The endless campaign by our right-wing press to hammer xenophobic prejudices into the minds of decent people has seized on an innocent umbrella term, ‘migrants’, and twisted it into an epithet of condemnation.
The word ‘migrant’ doesn’t describe a single, homogenous group of people; it simply means ‘someone who moves from one country to another’. A French worker in Germany is a migrant. Brits who retire to Spain are migrants. Migrants have always come to Britain from all over the world: the current Vice-Chancellor of the University of Cambridge was born to Polish parents, and among those inadvertently counted by the Sun in its recent EIGHT MILLION scare story were Sir Bradley Wiggins, Boris Johnson, and Emma Watson. (Not to mention Steve Jobs, the US son of Syrian migrants.) Even the most ‘native’ of modern-day Brits have 100% migrant heritage: our Norman, Viking, Anglo-Saxon, Roman, even Celtic ancestors all travelled here from elsewhere. Indeed, the very word ‘England’ refers to a northern Germanic tribe that settled in post-Roman Britain. When you get right down to it, we are all migrants.

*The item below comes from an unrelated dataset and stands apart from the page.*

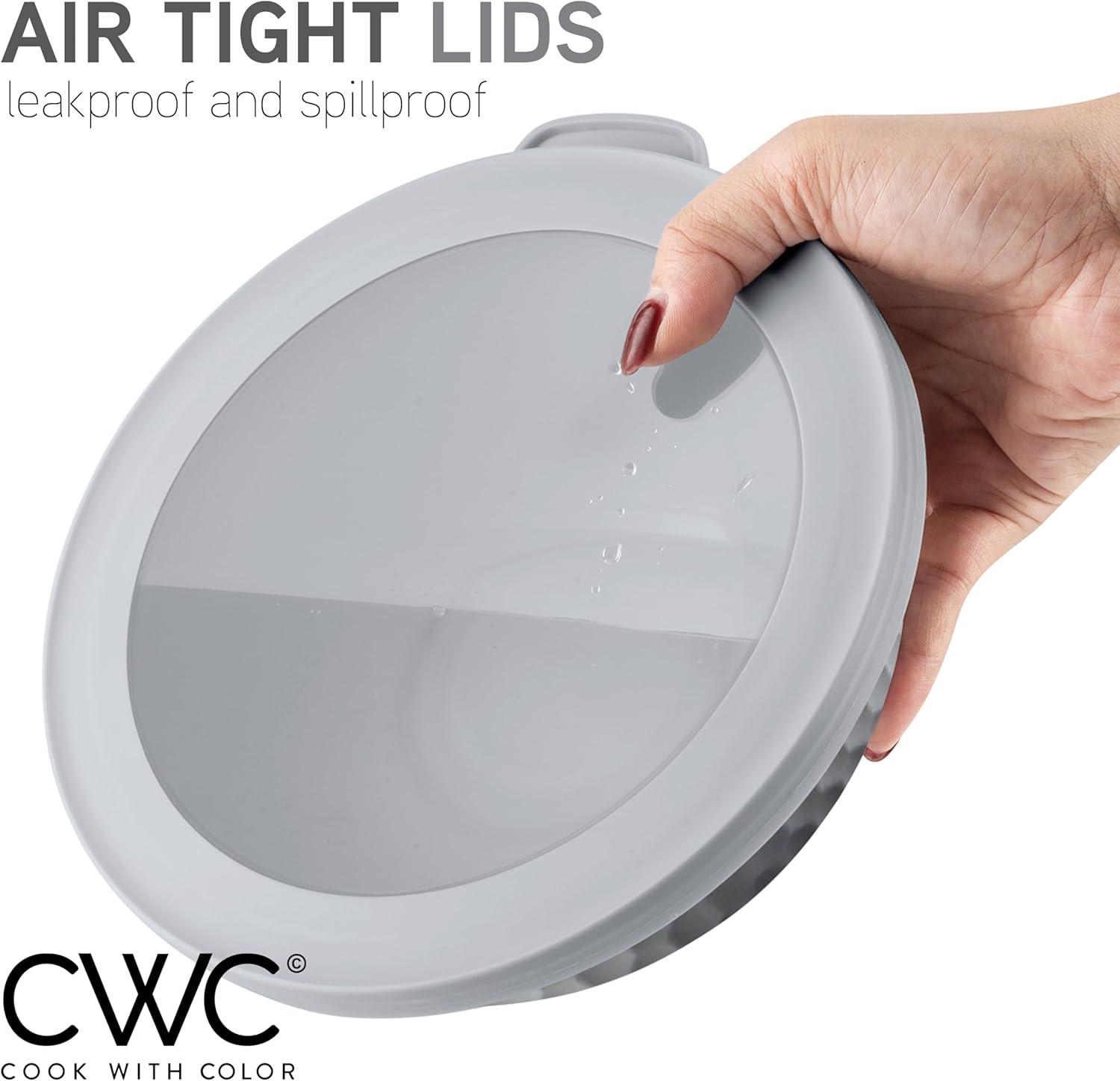 COOK WITH COLOR Nesting Mixing Bowls – 12 Piece Plastic Bowl Set with Lids, Microwave Safe (Green)(Grey Embossed)
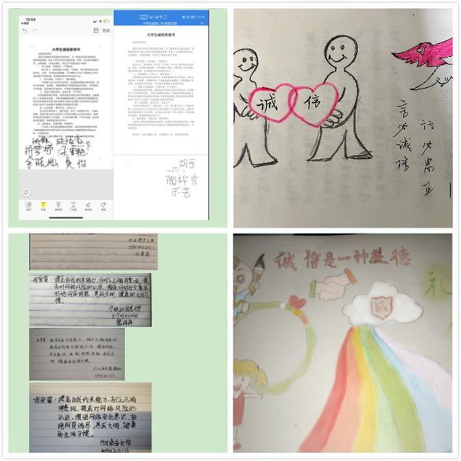 同学们根据诚信主题制作了图画,生动醒目的画作,展示在班级群里,让所有同学都能看到诚信活动的内容,让诚信意识深深扎根在学生心里。在知识竞赛中,同学们通过回答各种诚信资助类的知识题目,增加了知识储备,大家纷纷表示以此为契机,宣传国家资助政策及成效,立志成才、感恩奉献。

But the tragedy of the public debate in Britain at the moment is that hard-right politicians — among them some leading eurosceptic voices — are trying to twist a humanitarian crisis to their political advantage. Week after week, we’ve heard Nigel Farage and his allies bemoaning a “gaping hole” in the UK’s migration policy, linking it to our membership of the European Union and implicitly to the idea that natives are good and migrants are bad — an idea that they themselves have carefully stoked over many years.

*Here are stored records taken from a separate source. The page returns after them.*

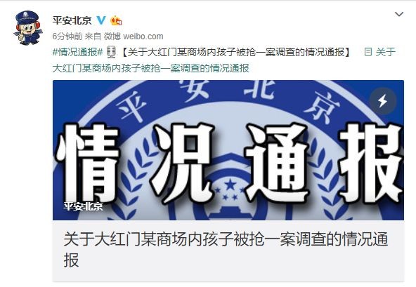 通报介绍,10月2日,丰台区大红门某商场孩子被抢一案引发社会高度关注,市公安局组织专班对案件进行了复核。
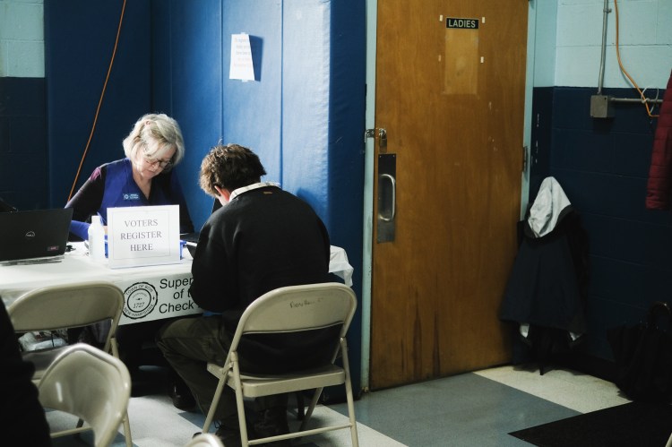Election worker Amy Knepper helps to register a new voter just before noon at the Bow Community Center.
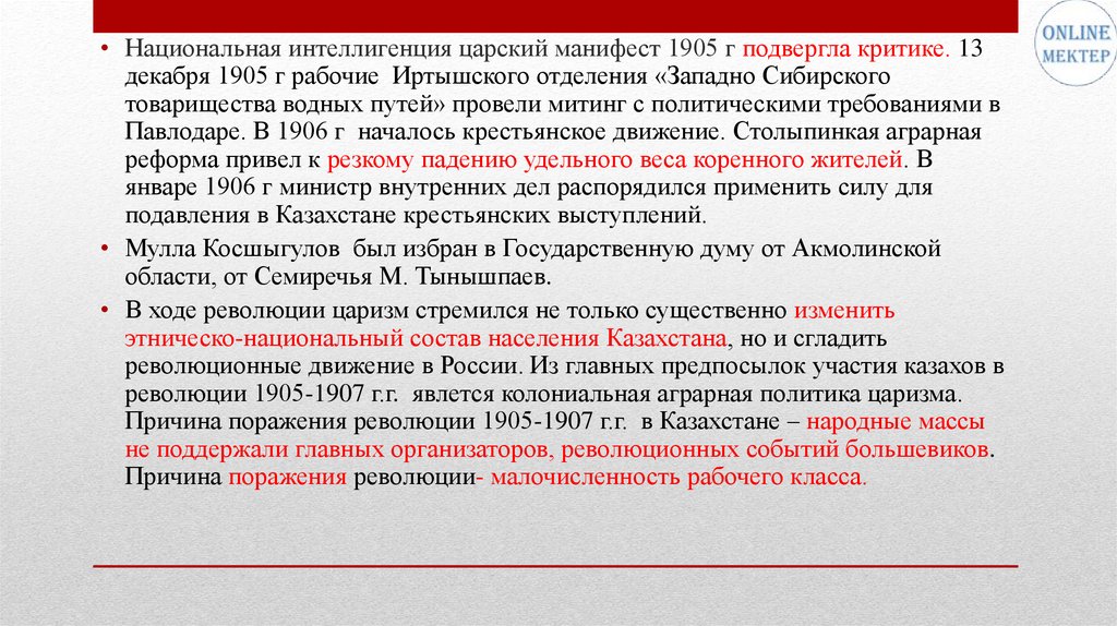 Причина поражения революции 1905-1907 г.г. в Казахстане – народные массы
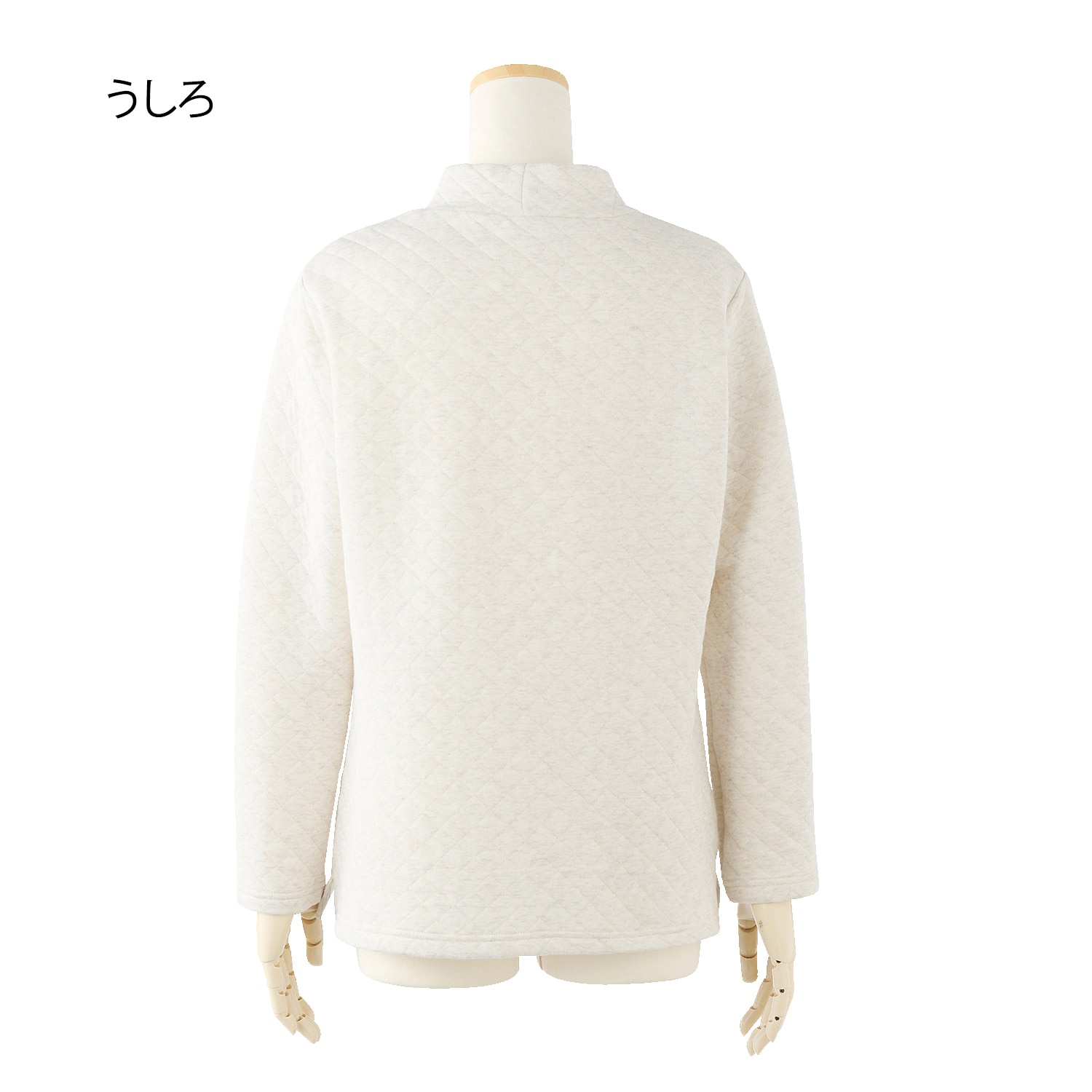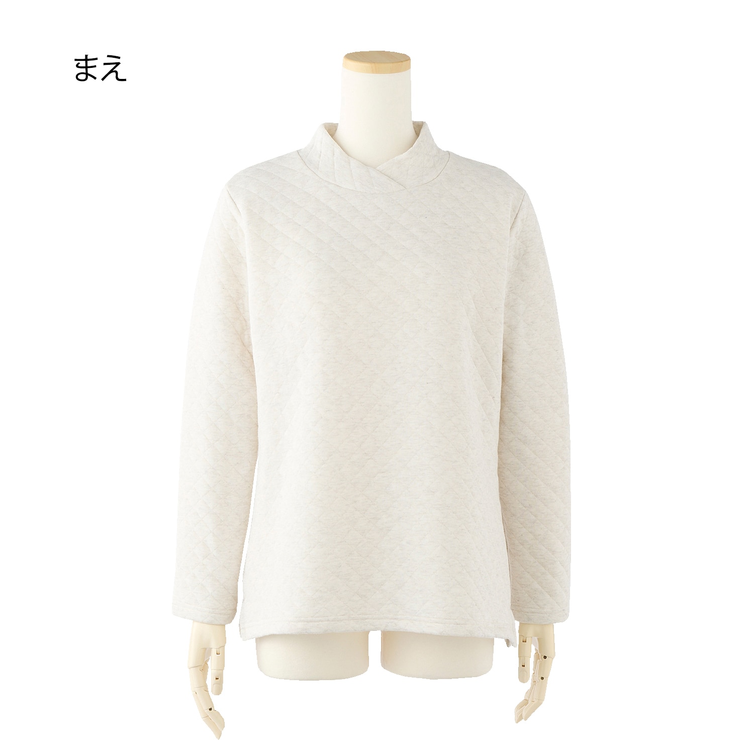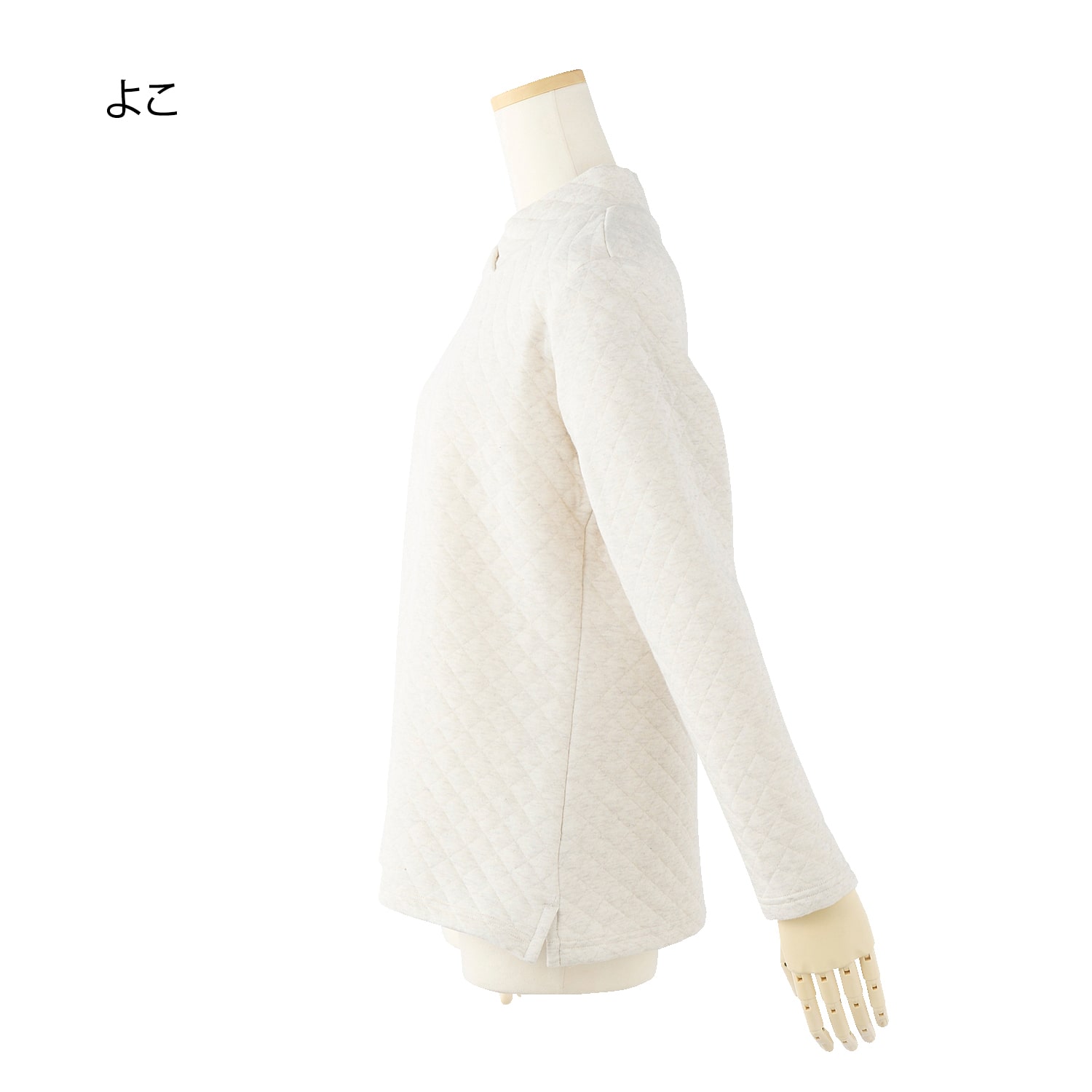 コットン生地の間に中綿を挟んだキルト素材のプルオーバー。肌触りが良く、中綿(なかわた)が体温を逃がさないので温もりが続きます。深みのある杢(もく)調の色味も魅力です。ハイネックの首もとは重ね衿仕様で、首回りを上品にカバー。ふっくらした生地で体のラインを拾いにくいのも嬉しいポイントです。

And the poisoners have been so extraordinarily effective, strengthened by a daily dose of xenophobia from the right-wing press, that politicians are running scared. David Cameron hastily rewrote his EU “reform priorities” in 2014 to focus on undermining internal freedom of movement, after initially making no mention of the issue. And the debate has become so skewed that, in recent election campaigns, UKIP actually sidelined its trademark anti-Europeanism in favour of a crude anti-immigrant platform, and did disturbingly well.

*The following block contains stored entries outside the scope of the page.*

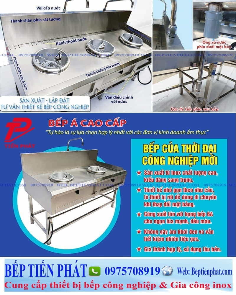 Để được tư vấn, thiết kế, lắp đặt các loại bếp Á công nghiệp, bếp công nghiệp inox, bếp gas công nghiệp 1 họng đốt, 2 họng đốt, 3 họng đốt với mọi kích thước và nhu cầu sử dụng khác nhau, hãy liên hệ ngay với Bếp Tiến Phát. Hotline: 0975708919
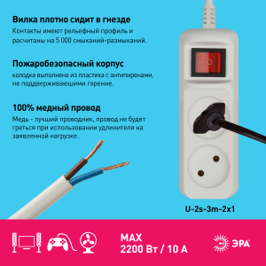 Описание: Удлинитель электрический Эра U-2s-3m-2x1 без заземления, с выключателем, ПВС, 2x1мм2, 2 розетки, 3м. Рассчитан на максимальную мощность 10А/2200 Вт. Удлинитель Эра станет Вашим надежным помощником, если Ваши любимые электроприборы находятся далеко от розеток. Провод в удлинителях Эра сделан из 100% меди, что делает его абсолютно пожаробезопасным. Корпус выполнен из ударопрочного и негорючего пластика (полипропилен). Модель удлинителя на 10А позволяет подключить бытовые приборы общей нагрузкой до 2200Вт. Дизайн удлинителя разработан в России командой Эра Style.
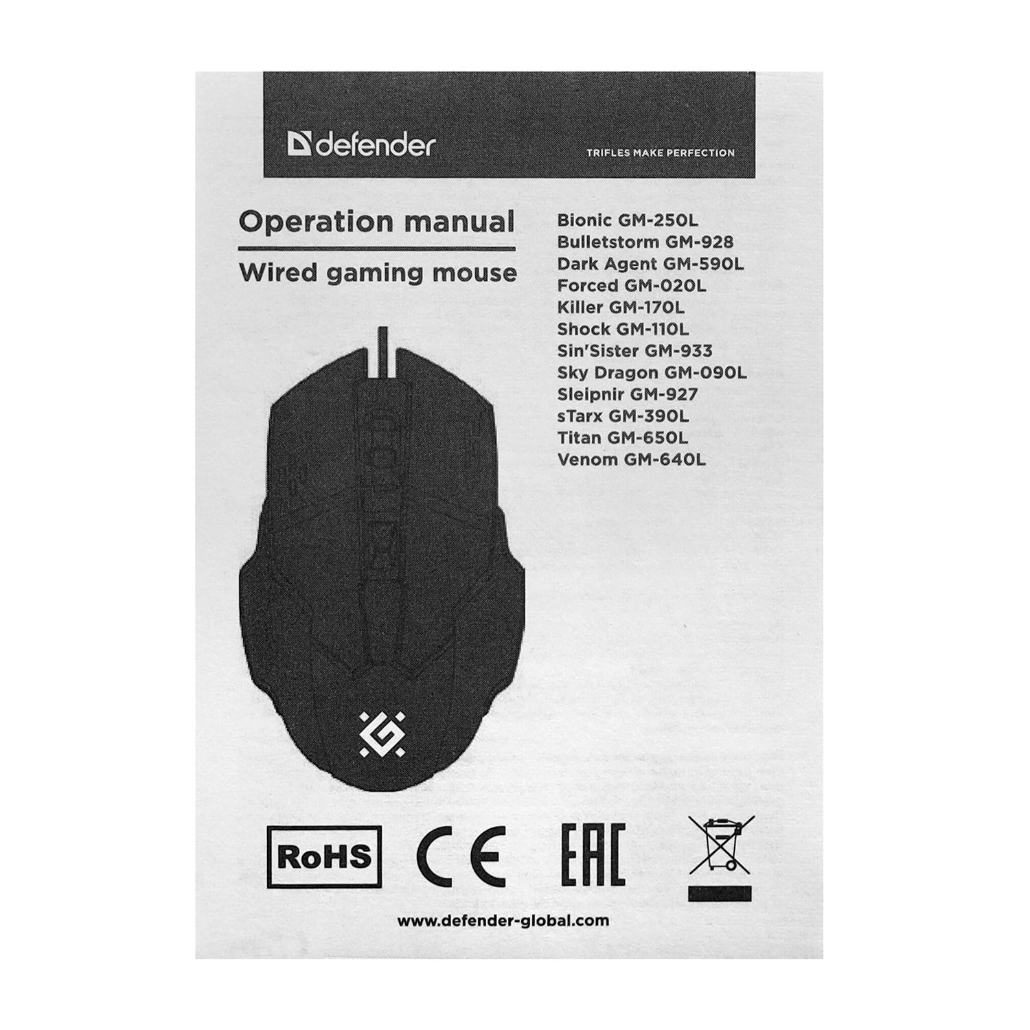 Mouse Defender Bulletstorm GM-928, Optical 1200-7200 dpi, 6 buttons, USB, black (52928)
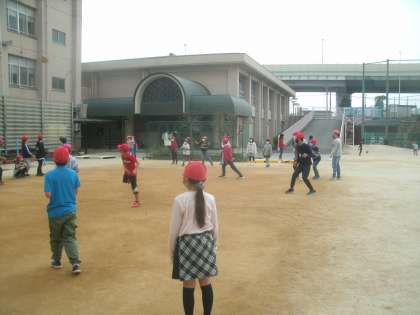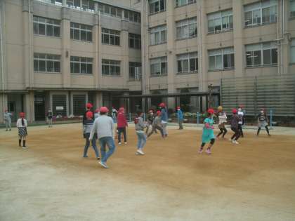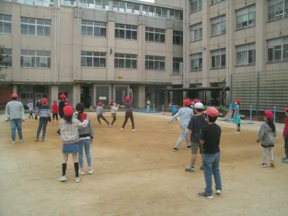 金塚小学校で恒例になりつつある3年生VS5年生のドッジボール対決です。
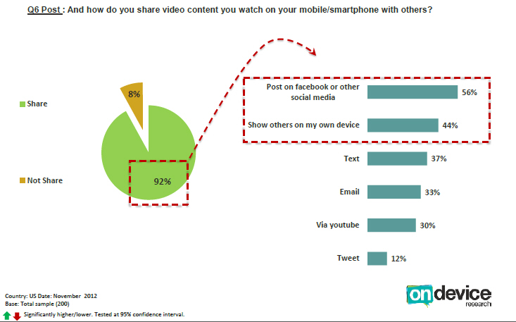 56%的人会选择通过Facebook等社交网络进行分享,44%的人在手机上直接秀给别人看,短信和电子邮件分别为37%和33%

In reality, this has never been a question of EU freedom of movement at all. Indeed, it’s difficult to imagine two more fundamentally different situations than that of the twenty-first century European citizen who takes up a job offer in a neighbouring country, and that of a displaced family from war-torn Iraq or Syria, desperately fleeing deadly peril. Yet if you poison a single word, ‘migrants’, you poison everyone – and among your victims are some of the world’s most vulnerable people.
The real irony of the crisis faced by refugees on the borders of Europe is that, while EU freedom of movement has nothing to do with their tragedy, European cooperation remains their best hope for a solution. As Labour MEPs will be arguing this week in the European Parliament, we need an organised humanitarian response to the crisis, with a fair and coordinated mechanism to resettle refugees where they will be safe. We also need an effective EU search and rescue operation in the Mediterranean, and legal routes to combat people-smuggling.
And here comes the hard part for David Cameron: the UK must play its full role in handling the crisis. It’s not only absurd but dangerously counter-productive to plead geography, leaving the entire burden to be borne by those allies who happen to be the first landing point for refugee families on the northern shores of the Mediterranean. This is a situation in which we need compassion, solidarity and practical cooperation – not political points-scoring and rhetorical poison.
Until that happens, vulnerable people will keep on dying.